- **Working data**:
*-*-*

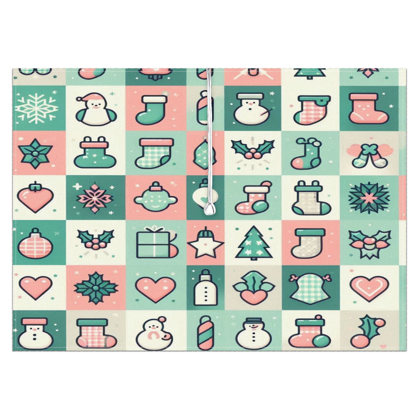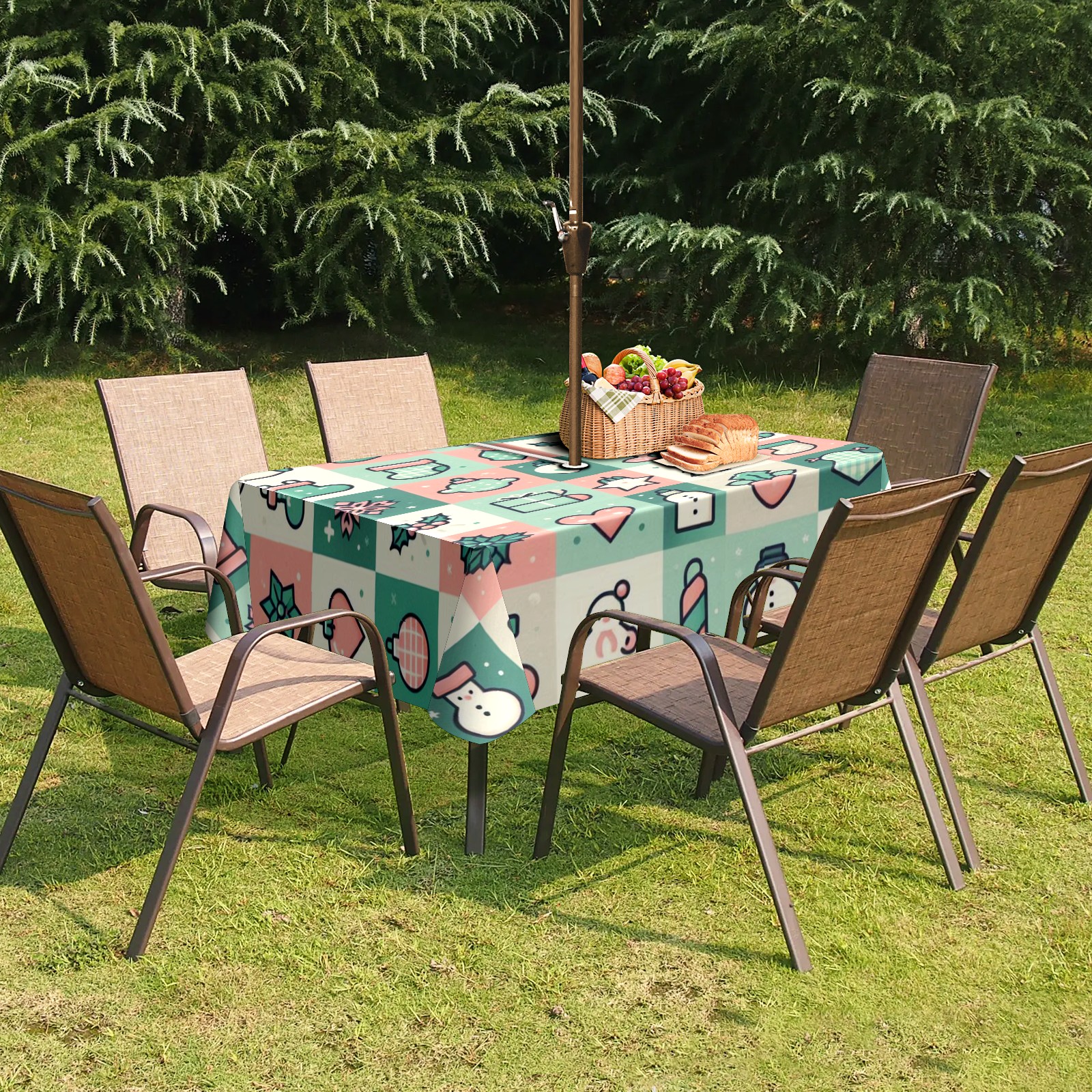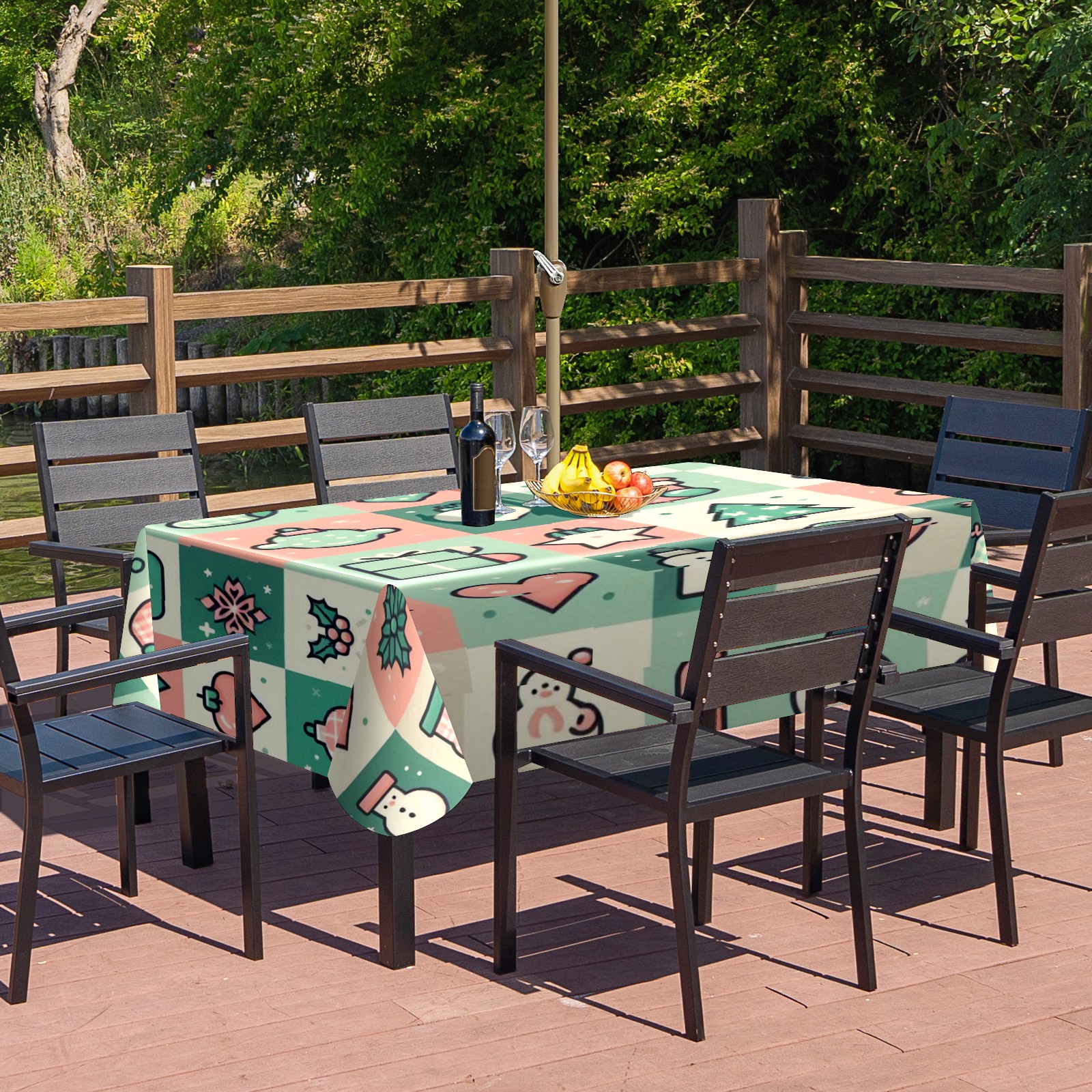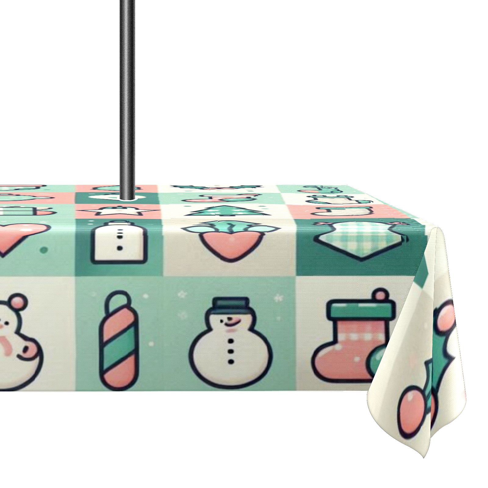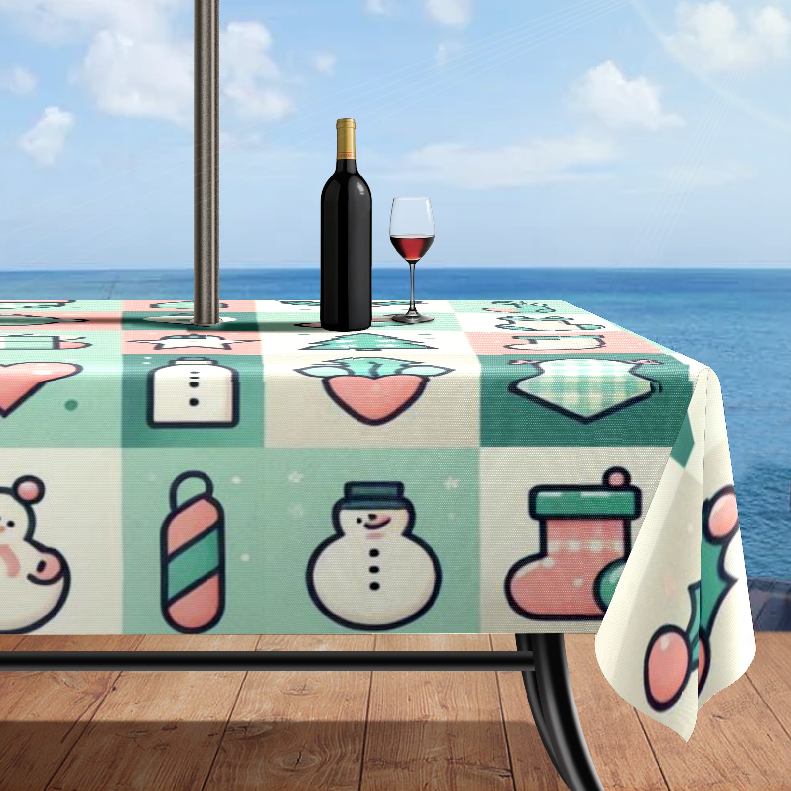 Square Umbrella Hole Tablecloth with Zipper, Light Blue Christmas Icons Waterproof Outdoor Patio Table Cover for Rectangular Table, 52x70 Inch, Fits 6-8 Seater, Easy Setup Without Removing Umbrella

*-*-*

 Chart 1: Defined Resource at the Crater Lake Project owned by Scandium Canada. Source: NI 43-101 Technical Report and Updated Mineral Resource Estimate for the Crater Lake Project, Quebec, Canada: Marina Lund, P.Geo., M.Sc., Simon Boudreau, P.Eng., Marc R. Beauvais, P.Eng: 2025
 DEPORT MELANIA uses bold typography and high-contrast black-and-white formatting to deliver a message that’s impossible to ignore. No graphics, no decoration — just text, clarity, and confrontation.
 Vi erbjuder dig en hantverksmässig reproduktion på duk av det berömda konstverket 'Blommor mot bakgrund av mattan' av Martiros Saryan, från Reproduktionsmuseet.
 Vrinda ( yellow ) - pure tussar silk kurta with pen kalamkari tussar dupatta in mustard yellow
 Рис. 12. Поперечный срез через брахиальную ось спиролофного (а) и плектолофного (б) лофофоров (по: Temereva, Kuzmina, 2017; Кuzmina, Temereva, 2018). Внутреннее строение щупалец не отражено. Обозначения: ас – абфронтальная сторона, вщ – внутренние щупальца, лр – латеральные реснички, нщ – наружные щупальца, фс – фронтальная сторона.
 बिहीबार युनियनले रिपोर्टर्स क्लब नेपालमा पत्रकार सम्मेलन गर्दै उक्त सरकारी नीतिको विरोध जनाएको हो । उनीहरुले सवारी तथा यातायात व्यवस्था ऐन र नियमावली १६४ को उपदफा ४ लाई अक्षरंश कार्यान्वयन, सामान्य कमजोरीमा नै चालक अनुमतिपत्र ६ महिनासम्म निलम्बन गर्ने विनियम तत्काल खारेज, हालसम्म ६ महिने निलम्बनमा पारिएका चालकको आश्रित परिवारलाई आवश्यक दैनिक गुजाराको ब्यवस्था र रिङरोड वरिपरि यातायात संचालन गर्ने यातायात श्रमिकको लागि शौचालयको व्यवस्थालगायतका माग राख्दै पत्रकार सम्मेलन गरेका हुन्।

*-*-*

- **Exercise description**:
Reproduce, word for word and in full, only the lines above that start at the line with "Chart 1: Defined" and run through the line with "Рис. 12. Поперечный", both ends included.

- **Result**:
 Chart 1: Defined Resource at the Crater Lake Project owned by Scandium Canada. Source: NI 43-101 Technical Report and Updated Mineral Resource Estimate for the Crater Lake Project, Quebec, Canada: Marina Lund, P.Geo., M.Sc., Simon Boudreau, P.Eng., Marc R. Beauvais, P.Eng: 2025
 DEPORT MELANIA uses bold typography and high-contrast black-and-white formatting to deliver a message that’s impossible to ignore. No graphics, no decoration — just text, clarity, and confrontation.
 Vi erbjuder dig en hantverksmässig reproduktion på duk av det berömda konstverket 'Blommor mot bakgrund av mattan' av Martiros Saryan, från Reproduktionsmuseet.
 Vrinda ( yellow ) - pure tussar silk kurta with pen kalamkari tussar dupatta in mustard yellow
 Рис. 12. Поперечный срез через брахиальную ось спиролофного (а) и плектолофного (б) лофофоров (по: Temereva, Kuzmina, 2017; Кuzmina, Temereva, 2018). Внутреннее строение щупалец не отражено. Обозначения: ас – абфронтальная сторона, вщ – внутренние щупальца, лр – латеральные реснички, нщ – наружные щупальца, фс – фронтальная сторона.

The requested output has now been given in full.